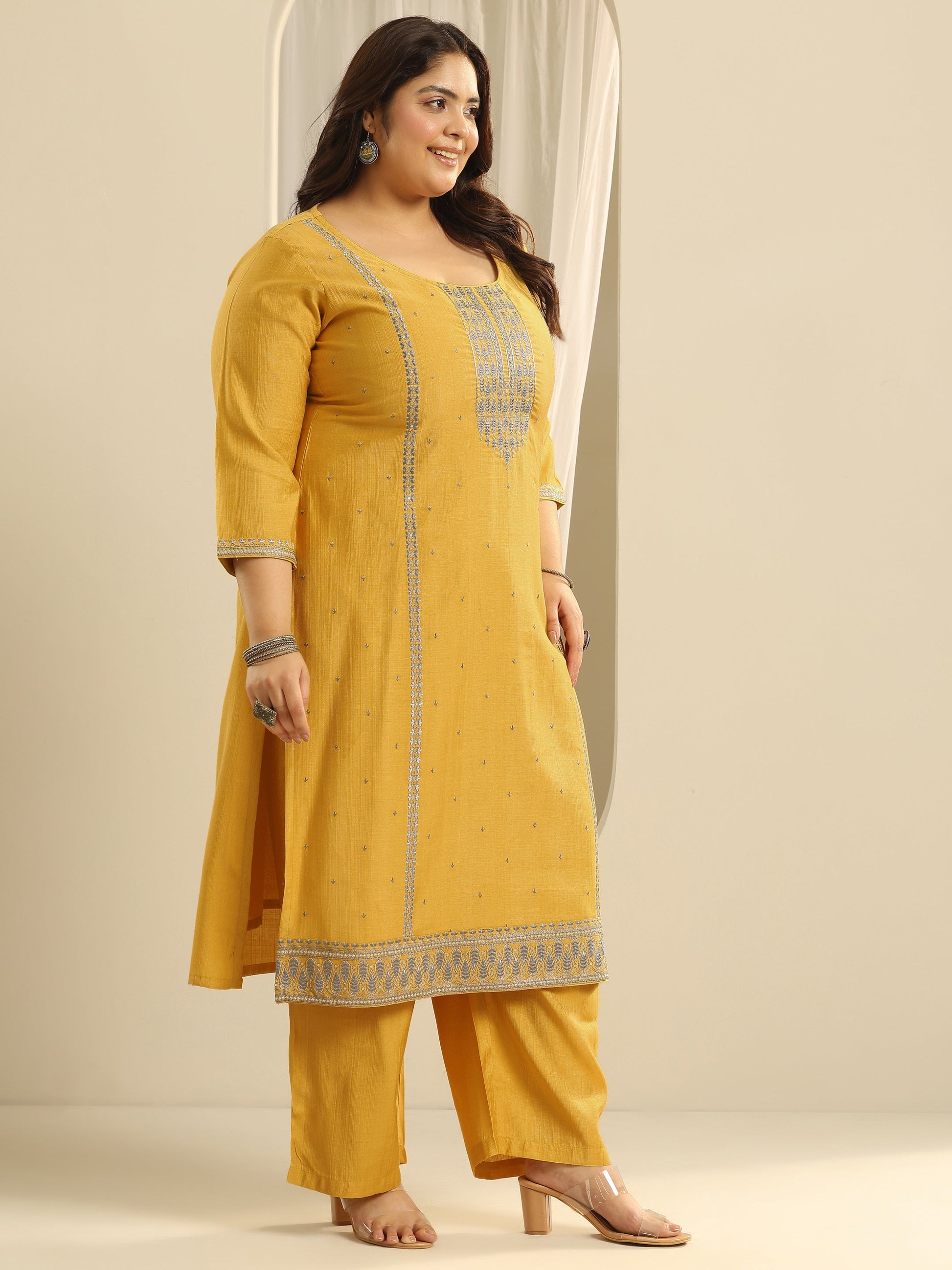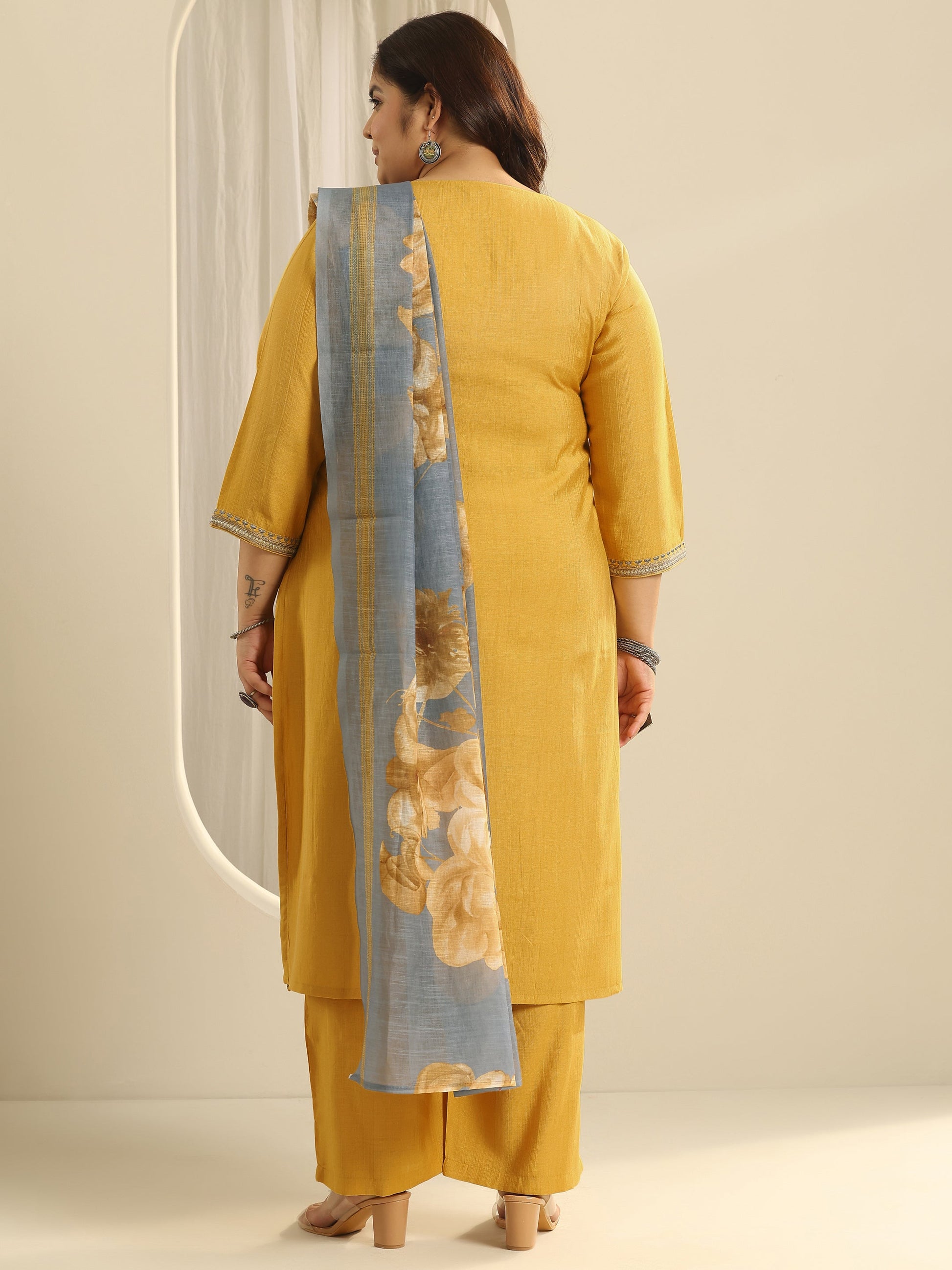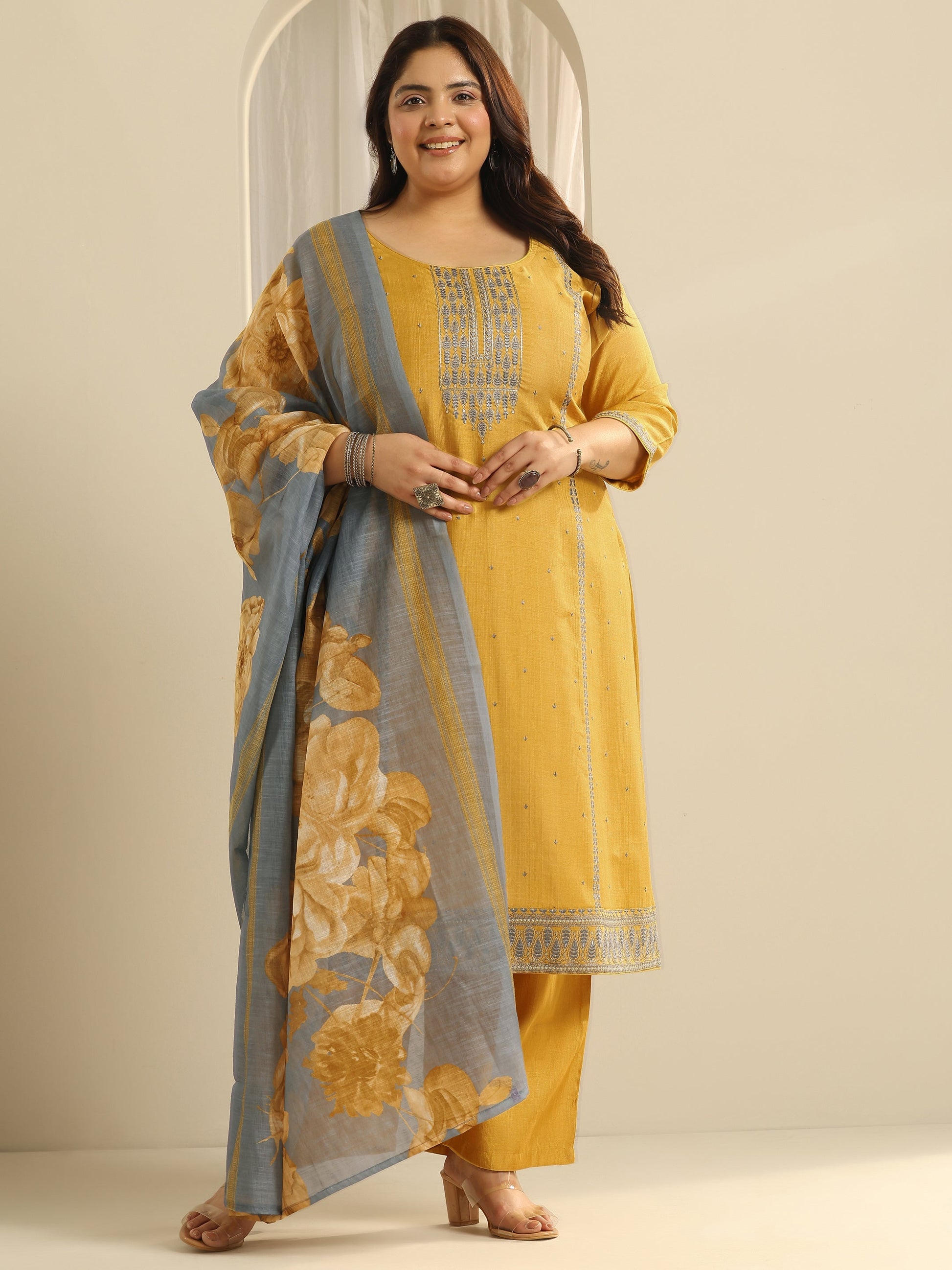 Plus Size Mustard Printed cotton blend Straight Suit Set With Dupatta
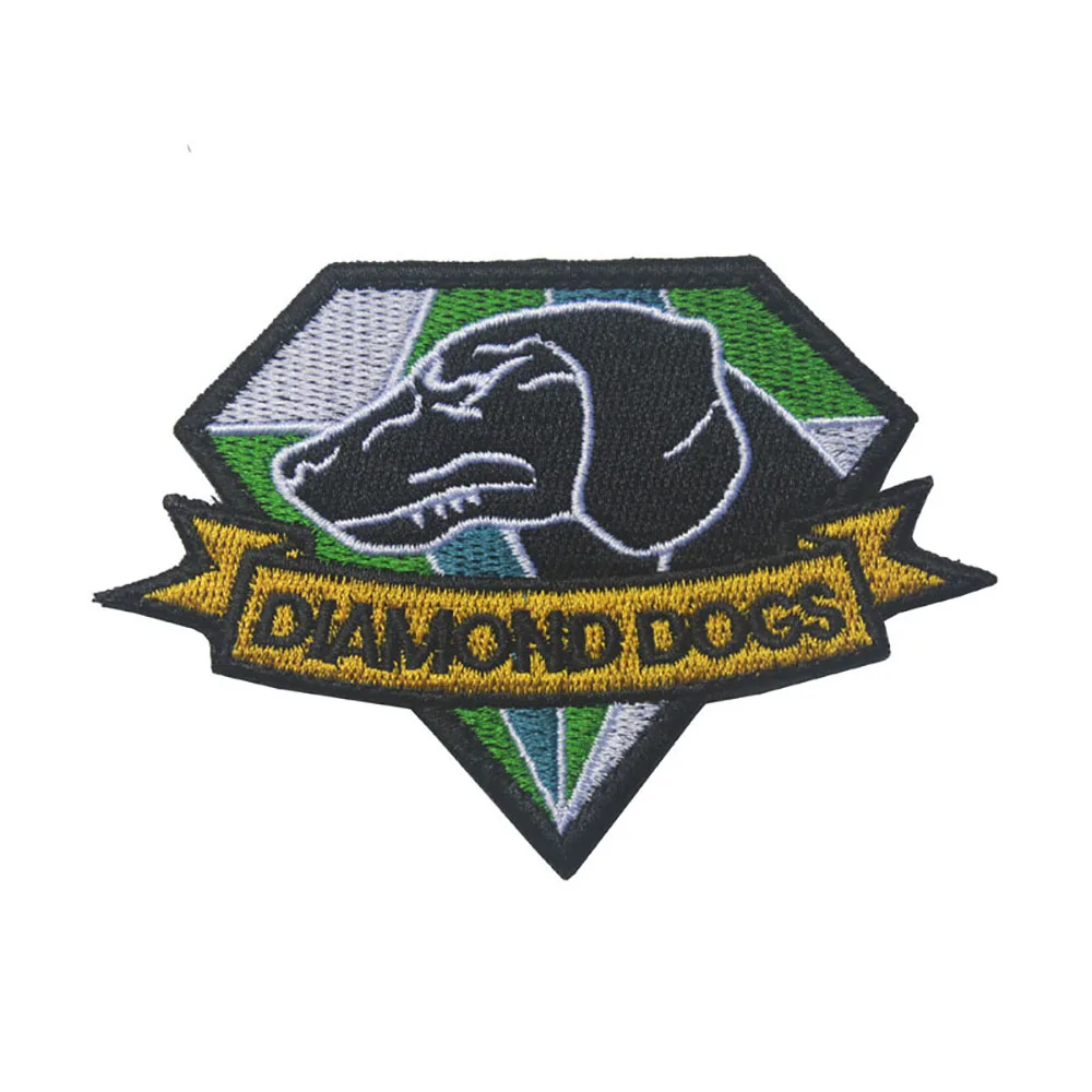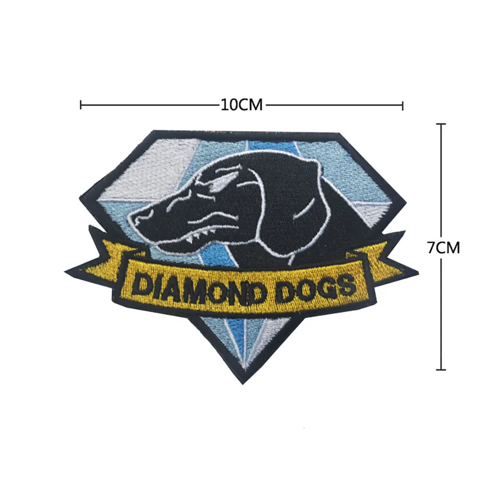 Parche bordado de perros de diamante, engranaje de Metal sólido MGS, parches de bucle de gancho, apliques tácticos, insignias de emblema para chaqueta, mochila
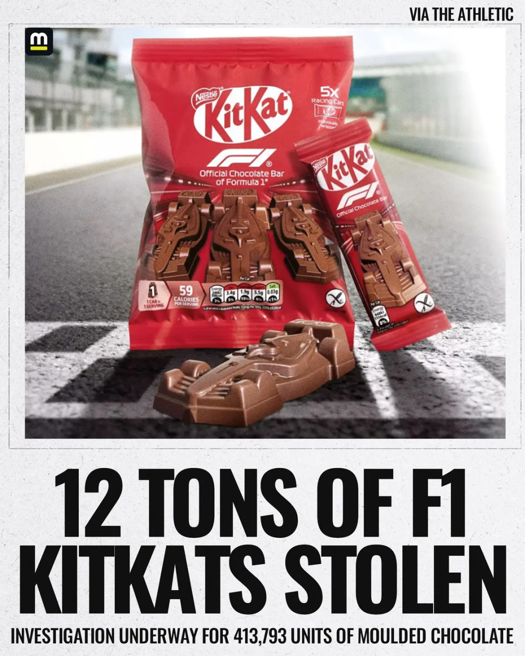 而这次惨遭零元购的,正是这批新鲜出炉的F1赛车巧克力棒…………
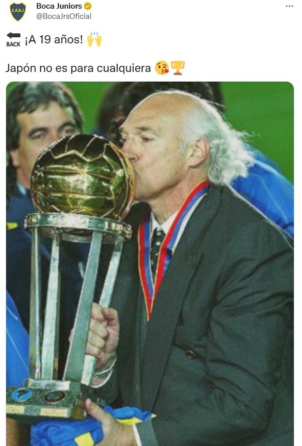 Cerca de las once y media de la mañana, el Xeneize publicó una imagen de Carlos Bianchi besando el trofeo de la Intercontinental que le arrebató al Milan (otra vez, como cuando era DT de Vélez) y dejó un palito al pie de la publicación. “A 19 años. Japón no es para cualquiera”, decía la foto que incluyó un emoji de un beso y un guiño. Picante.
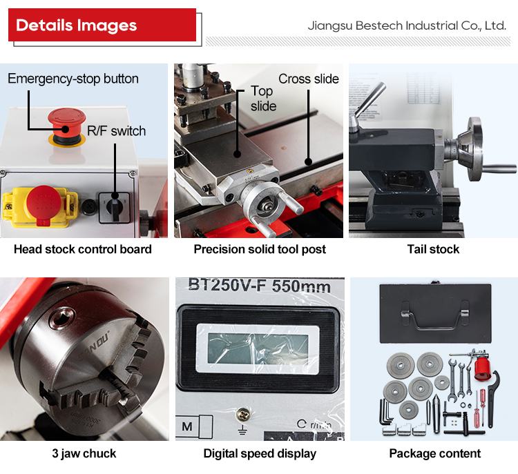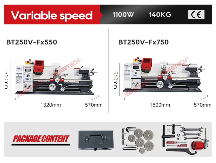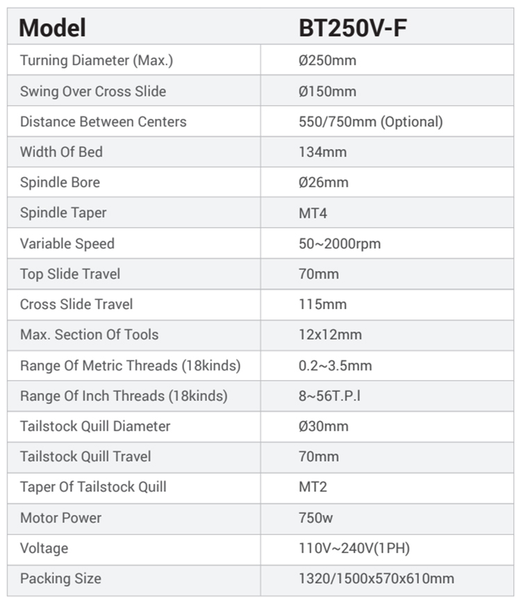 Best Value for Money BT250V-F Manual Lathe Machine for Mechanical Repair Shops Model:BT250V-F Turning Diameter (Max.):Ø250mm Swing Over Cross Slide:Ø150mm Distance Between Centers:550/750mm (Optional) Width Of Bed:134mm Spindle Bore:Ø26mm Variable Speed:50~2000rpm Tailstock Quill Diameter:Ø30mm Taper Of Tailstock Quill:MT2 Motor Power:750W N.W.:140KG Packing Size:1320/1500x570x610mm Send Inquiry Live chat Product Detail Tags: mini metal lathe machinesmall lathelathe minibench lathemanual lathe machine Share: PREVIOUS:BT250VF all metal gear small size home use diy variable speed manual lathe machine NEXT:BT230G Bench 9 Step Belt Speed Lathe Machine Related Products Torque-Rich MD-S30 Magnetic Drill Press for Shipbuilding & Marine Engineering BT290F Brushless motor metal lathe machine with milling head Manual Mini Lathe Milling Machine HQ500 Combo Lathe Milling Machine Metal Combination Lathe Milling Machine DP25B-VS Bench top drill press machine MD8103 Wet Bench Grinder for Knife Sharpener Machine ZJ5125 750W high speed pillar mini bench drill press machine for metal working
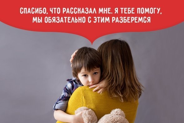 Первоочередная задача — успокоить ребёнка и обеспечить ему ощущение защищенности и эмоционального комфорта. Как бы ни хотелось при этом вскочить и побежать требовать обидчика к ответу и обвинять учителей. Последнее, в чём сейчас нуждается ребёнок, это раздражённый и взбудораженный родитель, который не может контролировать своё состояние. Дайте понять ему, что вы цените его откровенность. Для многих детей поделиться такой проблемой со взрослым — очень и очень непросто. Страх прослыть ябедой или усугубить ситуацию, неуверенность в себе, нежелание разочаровывать и расстраивать маму или папу, стыд — всё это часто мешает открыться.
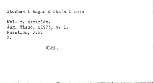 //// Storhun i hagan å oks'n i rota //// Mel. t. getarlåt. Ing. Tåsjö, 21973, s. 1. läsström, J.P. 2. //// ULMA. //// ___ * ___ ___„___ .. . . ___ fV^K,___. ...__ ...„..^---^---U*—<'--—--»-.---—'---—--- ////

=-=-=

**Activity**
Above are the records; give them all again exactly, apart from the pictures.

**Answer area**
 Plus Size Mustard Printed cotton blend Straight Suit Set With Dupatta
 Parche bordado de perros de diamante, engranaje de Metal sólido MGS, parches de bucle de gancho, apliques tácticos, insignias de emblema para chaqueta, mochila
 而这次惨遭零元购的,正是这批新鲜出炉的F1赛车巧克力棒…………
 Cerca de las once y media de la mañana, el Xeneize publicó una imagen de Carlos Bianchi besando el trofeo de la Intercontinental que le arrebató al Milan (otra vez, como cuando era DT de Vélez) y dejó un palito al pie de la publicación. “A 19 años. Japón no es para cualquiera”, decía la foto que incluyó un emoji de un beso y un guiño. Picante.
 Best Value for Money BT250V-F Manual Lathe Machine for Mechanical Repair Shops Model:BT250V-F Turning Diameter (Max.):Ø250mm Swing Over Cross Slide:Ø150mm Distance Between Centers:550/750mm (Optional) Width Of Bed:134mm Spindle Bore:Ø26mm Variable Speed:50~2000rpm Tailstock Quill Diameter:Ø30mm Taper Of Tailstock Quill:MT2 Motor Power:750W N.W.:140KG Packing Size:1320/1500x570x610mm Send Inquiry Live chat Product Detail Tags: mini metal lathe machinesmall lathelathe minibench lathemanual lathe machine Share: PREVIOUS:BT250VF all metal gear small size home use diy variable speed manual lathe machine NEXT:BT230G Bench 9 Step Belt Speed Lathe Machine Related Products Torque-Rich MD-S30 Magnetic Drill Press for Shipbuilding & Marine Engineering BT290F Brushless motor metal lathe machine with milling head Manual Mini Lathe Milling Machine HQ500 Combo Lathe Milling Machine Metal Combination Lathe Milling Machine DP25B-VS Bench top drill press machine MD8103 Wet Bench Grinder for Knife Sharpener Machine ZJ5125 750W high speed pillar mini bench drill press machine for metal working
 Первоочередная задача — успокоить ребёнка и обеспечить ему ощущение защищенности и эмоционального комфорта. Как бы ни хотелось при этом вскочить и побежать требовать обидчика к ответу и обвинять учителей. Последнее, в чём сейчас нуждается ребёнок, это раздражённый и взбудораженный родитель, который не может контролировать своё состояние. Дайте понять ему, что вы цените его откровенность. Для многих детей поделиться такой проблемой со взрослым — очень и очень непросто. Страх прослыть ябедой или усугубить ситуацию, неуверенность в себе, нежелание разочаровывать и расстраивать маму или папу, стыд — всё это часто мешает открыться.
 //// Storhun i hagan å oks'n i rota //// Mel. t. getarlåt. Ing. Tåsjö, 21973, s. 1. läsström, J.P. 2. //// ULMA. //// ___ * ___ ___„___ .. . . ___ fV^K,___. ...__ ...„..^---^---U*—<'--—--»-.---—'---—--- ////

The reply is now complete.